Infineon Technologies AG is one of the world's leading manufacturers of semiconductors. The group's products include power semiconductors, sensors, microcontrollers, digital, mixed-signal and analog ICs, discrete semiconductor modules, switches, interface ICs, motor-controlling ICs, RF power transistors, voltage regulators, and electronic safety components. Net sales break down by area of activity as follows:
- automotive (50.5%): semiconductor products used in the automotive industry, and memory products for specific applications for automotive, industrial, information technologies, telecommunications and consumer electronics.
- power & sensor systems (23.3%): semiconductors for energy-efficient power supplies, mobile devices, mobile phone network infrastructures, human-machine interaction as well as applications with special demands on their robustness and reliability.

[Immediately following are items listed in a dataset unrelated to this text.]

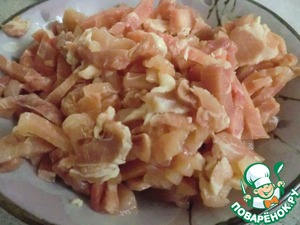 Курицу нарезать на мелкие кусочки и обжарить на сковороде.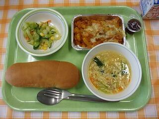 牛乳 コッペパン ポテトミートグラタン コーンサラダ 洋風たまごスープ ひとくちぶどうゼリー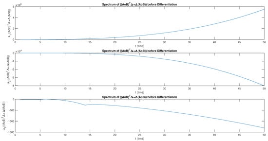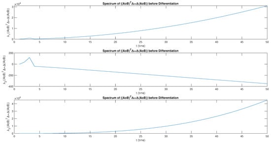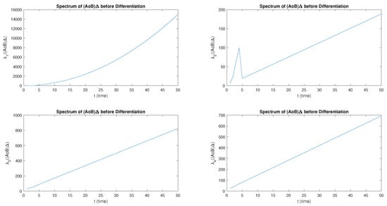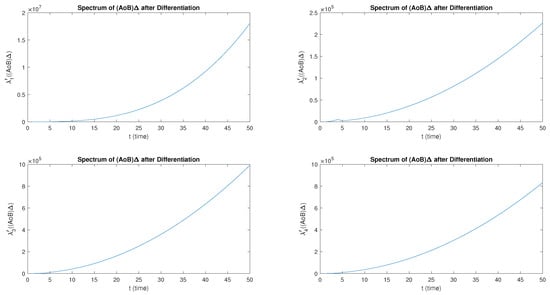 Let and be M-matrices. Consider , as the set of block-diagonal matrices. The eigenvalue before and after differentiation has a smooth growth as t increases. The eigenvalue before differentiation is obtained as positive but for it first grows rapidly and then decays. Furthermore, has a linear growth for . However, after the differential has a non-linear growth and , first grows monotonically with a small magnitude, then there is a sharp decay. The eigenvalues of and have a positive linear growth before differentiation but a smooth non-linear growth after differentiation, as shown in Figure 2. Furthermore, both and satisfy , . The behavior of the spectrum of after differentiation is shown in Figure 3.

- industrial power control (13.5%): semiconductor products for the conversion of electrical energy for small, medium and high-power applications, used in the manufacturing, the low-loss transmission, the storage and the efficient use of electrical energy;
- connected secure systems (12.6%): semiconductors for networked devices, card-based applications, and government documents; microcontrollers for industrial, entertainment, and household applications, components for connectivity systems, various customer support systems;
- other (0.1%).
Net sales are distributed geographically as follows: Germany (12.4%), Europe/Middle East/Africa (14.4%), China/Hong Kong/Taiwan (32.3%), Japan (10.5%), Asia/Pacific (15.9%), the United States (12.1%) and Americas (2.4%).